The being of “life” is a metaphysical problem because unless “life” is metaphysical it has no being: it is reducible to the material distribution of organizations and functions that  neither warrant nor support a general, encompassing concept. Every vitalist knows this, and that is why, for example, it at least makes sense to think that something like the Deleuzian concept of A LIFE may be the sine qua non of any coherent thinking of life. But, on the other hand, if “life” is purely metaphysical it has no being. Life is a physical problem because it is instantiated in material bodies whose properties and capacities differ from those of non-living bodies: even if, in certain instances, it turns out to be surprisingly difficult to specify just how this is the case.

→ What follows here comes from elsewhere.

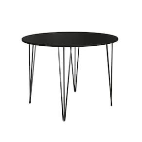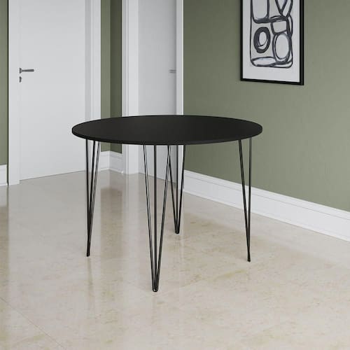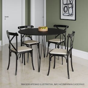 Mesa Jantar Redonda Preta Hairpin 110cm Elen Base Ferro Preto - Cor: Preto Mesa Jantar Redonda Preta Hairpin 110cm Elen Base Ferro PretoA sua cozinha ou sala de jantar só está completa com uma boa mesa para reunir a família e amigos, se você busca um móvel de qualidade e com combinação de cores, o modelo Elen é para você! Com tampo redondo e estrutura em ferro, ela acomoda os seus convidados enquanto complementa a decoração com sofisticação e qualidade.Tipo: Mesa RedondaModelo: ElenCor Tampo: PretoBase: PretoProduto Acompanha: 1 Mesa Elen (cadeira vendido separadamente)Medidas:Altura: 76cmDiâmetro: 110cmATENÇÃOIMAGENS MERAMENTE ILUSTRATIVAS, PODENDO HAVER UMA PEQUENA VARIAÇÃO DE COR DEPENDENDO DE CADA TELA OU MONITOR. NÃO ACOMPANHA CADEIRAS.Mesa Jantar Redonda Preta Hairpin 110cm Elen Base Ferro Preto

The term “emergence” is the surest index of the doubly physical and metaphysical scope of this problem. The emergence of life, we say, and what we seem to mean by this is that we do not know exactly how—at exactly what point and in exactly what way—life came into being, though we do seem to know a great deal about its properties—including, supposedly, that it exists. The problem of “emergence” is that a modality of being came to be which was not before, and the difficulty is that tracking the physical causes of such an event leads to irresolvable aporia. And these aporia are too easily dissembled through reference to “complex, self-organizing processes,” as if we can at once account for and evade the radicality of the event we are trying to think by placing it within the same category as the formation of snowflakes, traffic patterns, or the activities of termite colonies. In its typical usage (the work of Stuart Kaufman, for example), the concept of “emergence” is a crypto-metaphysical concept pretending to offer physical explanations, at once allowing and accounting for gaps in the latter through reference to “complexity.”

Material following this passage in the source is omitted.